I'll definitly look into that. What's the difference between the galvanized and powder coated? What do you use to cover the wire floors?


----------



## CorbinDallasMyMan (Feb 24, 2017)

There are a number of things that I don't like about Critter Nation cages so I switched to a Martin's "style" cage earlier this year and I couldn't be happier. I recently picked up a used R-680 to use as a back-up / travel / hospital / emergency cage. I think it would make for excellent permanent housing for a pair of rats. It doesn't take up as much room as the Critter Nation but it's still pretty spacious. It can be set on top of a table or dresser so it doesn't have to take up any floor space. It's much, much, much lighter than a Critter Nation so it can easily be carried to the bathroom or outside to clean. Because the walls of the cage sit directly on the bottom of the plastic pan, there's no way for rats to chew on the plastic base. I can't speak highly enough of the Martin's R-680.

There are lots of different ways to cover the wire mesh levels. I sewed some mats with an absorbent layer sandwiched between two layers of fleece.

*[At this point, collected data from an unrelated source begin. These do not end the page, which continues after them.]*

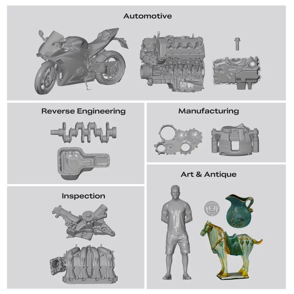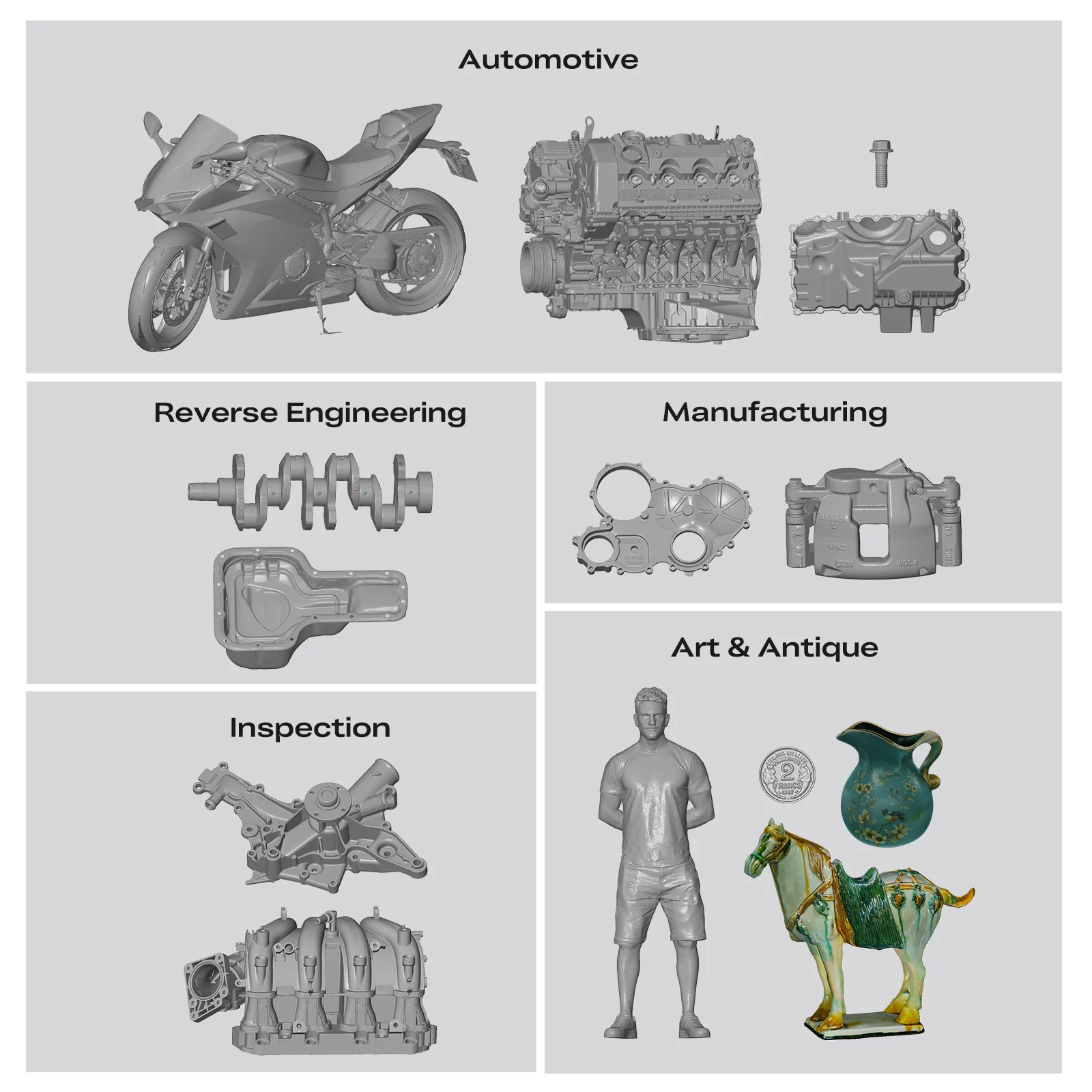 The S1’s wide scanning range – from 5 mm (0.2 in) micro-details to 4,000 mm (13 ft) large objects – makes it remarkably flexible. It’s suitable for reverse engineering parts, documenting prototypes, digitizing tools and machinery, capturing components for simulation, and integrating real-world objects into CAD or CAM systems. AI-assisted reconstruction tools and streamlined export options help reduce post-processing time and keep the focus on design and analysis rather than manual mesh cleanup.
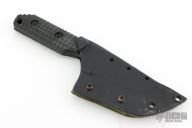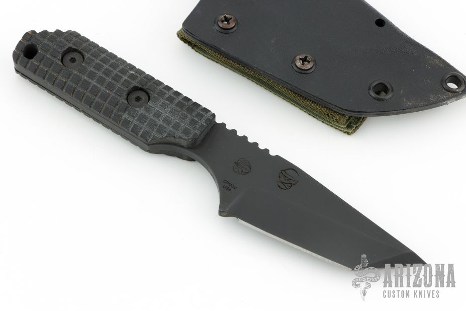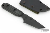 This knife by Strider Knives features a black coated tanto style blade with notched thumbrest, .191" blade stock and 1.305" blade depth, full tang construction. The handle has black G-10 scales with MEFP. Lanyard hole in pommel. Includes kydex sheath. Has a couple light scuffs, otherwise excellent condition.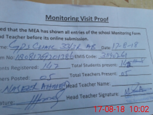 | EMIS Code: 31140261 | Name of School: GPS CHAK NO.33/3-R AB | |||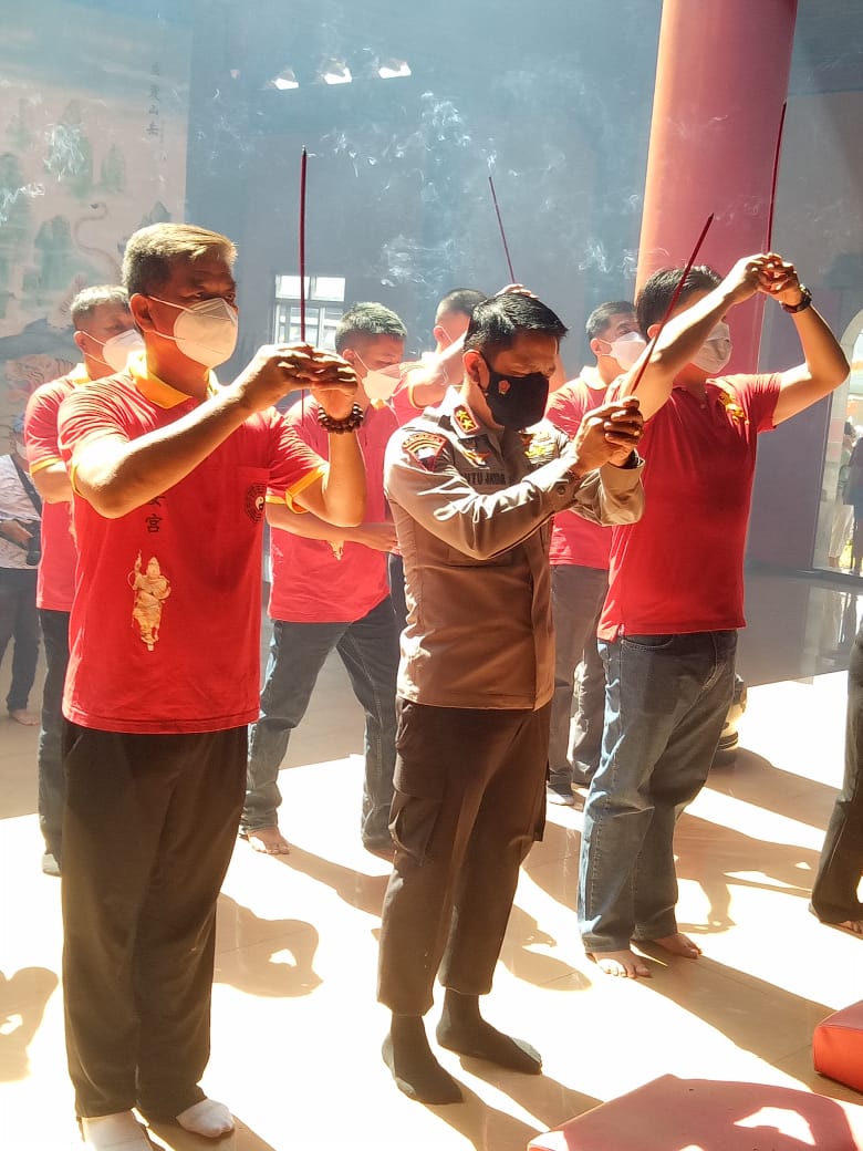Pada kesempatan tersebut Kapolda Bali Irjen Pol Putu Jayan Danu Putra S.H., M.Si., juga menyempatkan diri untuk ikut melaksanakan doa bersama dengan panitia pelaksanaan Imlek Vihara Satya Dharma.

They're based off of the Ratropolis tutorial but you can find tons of video tutorials on youtube, as well. If sewing isn't your thing, you could also cover the wire levels with anything ranging from vinyl tiles, cardboard, newspaper, plastic canvas, or the plastic mats that Martin's sells.

Martin's cages are made from galvanized steel wire mesh. The galvanization process involves applying a zinc coating to the steel to help prevent rust. Galvanized steel is flat gray in color and it is somewhat rough. Galvanized steel can absorb urine and start to stink horribly over time. The smell can't be washed out. Constant contact with zinc might not be the healthiest thing for a small animal either.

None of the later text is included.